That evening Clytie spent alone. Thornton was dining at the Café des Ambassadeurs with some men from the Embassy. He had kissed her before he started, called himself a selfish brute for condemning her to a dull evening, and went away humming a café-concert air. She did not mind his leaving her, took it now as a matter of course that each should be to a certain extent independent of the other; for the glamour of the south had departed, and the practicalities of life had begun to assert themselves. But it was the first wretched evening of her married life. She would have liked to cry, but as she was not of those who cry easily, she sat with eyes all the more painful for being strained and tearless. She had received a great shock. Ever since she had rebelled against the Durdleham formula that men were to descend from their intellectual sublimity when they spoke to women, lest like Semele the latter should be consumed in the Jovian blaze, she had been accustomed to meet men freely on an intellectual level. To find herself in a society where this particular formula was unknown had been one of the earliest joys of her emancipated life. She had very little vanity in the matter of her own attainments, but she took it for granted that her associates should recognise in her a woman of ordinary culture, capable of forming rational opinions. Her intelligence was keen, her judgment fine. She had read, thought, observed. Her art was to a certain extent a matter of intellect as well as of instinctive feeling, and in this respect had been stimulated by her intercourse with Kent. In the glow of her young, ardent nature she had committed many extravagances, but they all had borne the indubitable stamp of a mind strenuous in its endeavours. None but fools had ever thought of condescending to Clytie because she was a woman.

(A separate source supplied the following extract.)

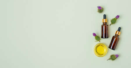 Flat lay of cosmetic glass brown bottles with dropper, burdock flowers and oil on mint background. Place for text
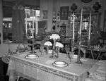 Thanksgiving table settings. Example of formal table settings showing fine linens and heirloom silver are demonstrated as a Thanksgiving suggestion for persons who believe that the beauty of a table is half the pleasure of a fine dinner. China, silver and crystal are seen to be equally as effective as appointments, while the background of all table setting is the handsome cloth to set off the china and silver. Published in Fort Worth Star-Telegram, morning edition, November 17, 1940.

And now for the first time she was coolly shown that she was a woman, that her opinions were not worth serious consideration, that she must not trouble her pretty-head about things that were too deep for her. And by the man, above all, whose life she shared. They were hours of dull, dazed humiliation that she spent alone that evening; hours that were not lost even in the pain of her after life. Over the absence of sympathy with her own pursuits she was only a little regretful. It would have been nicer if Thornton had been able to take a pleasure in her art. But she was too large-natured not to be able to bridge over this small gap between them. She was ready to sacrifice her art entirely to her love, was eager to throw herself into his interests and ambitions. But she demanded a full, vigorous share. To live an empty life was with her an impossibility. And to this life Thornton, in his good-natured contempt for her powers, was condemning her. She was puzzled, humiliated, frightened.
There is a vague mystery of woe in the dawn of a dreary day.
Meanwhile Thornton was enjoying himself amazingly. The dinner was one which, as Heine says, “ought to be partaken of kneeling,” and the wine was excellent; the party well chosen, the talk essentially, broadly masculine. There is a certain type of man whose conversation is wholly made up of sport in its various aspects, women, shop, and crude personal gossip—a type which numbers its tens of thousands in English society. It can be met with, to utter weariness of the soul, in any heterogeneous gathering of upper- and middle-class Britons. They are God's creatures, it is true; many of them are possessed of estimable qualities, some of them have performed deeds of heroism. But as a type they are a glaring satire upon the vaunted culture and refinement of our civilisation. And it is a remarkable thing how little their power and influence are recognised by writers in their analysis of the spirit of this dying nineteenth century. This vast overwhelming type does not read, does not think, does not care for art or music, has no power of penetration to the heart of delicate things. It is dull, brawny, selfish, and a pillar of the Church and State. Its main subjective characteristic is the brutality of its views concerning women—varying from the kindly disdain of its highest members to the degraded brutality of its lowest.
Of this type, with all his physical charm, his brilliant personality and splendid capacities for action, was Thornton Hammerdyke. The man whose magnetism had drawn Clytie irresistibly, headlong into his arms was only, after all, a representative of this ignoble, commonplace order of men. The love that had flooded Clytie's being with wild surging tumult was only, after all, the commonplace, ignoble passion of his type. There are some things so elementary that analysis quickly comes to an end. Put in a strip of litmus paper and it is done.
He was honestly glad to be free of Clytie. With unconscious cynicism he never sought to disguise it from himself. With Carteret of the Hussars and Swithin and Holyoake of the Embassy he was in his proper sphere. They were of the type. He had interests in common with them. The fact that he was a man of high distinction was neither here nor there. Over the fish and entrées they talked of racing and shooting; over the game they wandered along the upper galleries of the Cloaca Maxima of Paris; over the peaches and Château-Mouton they told foul stories. An ignoble, commonplace dinner party.
And Clytie was alone in her room at the hotel staring at an unknown future.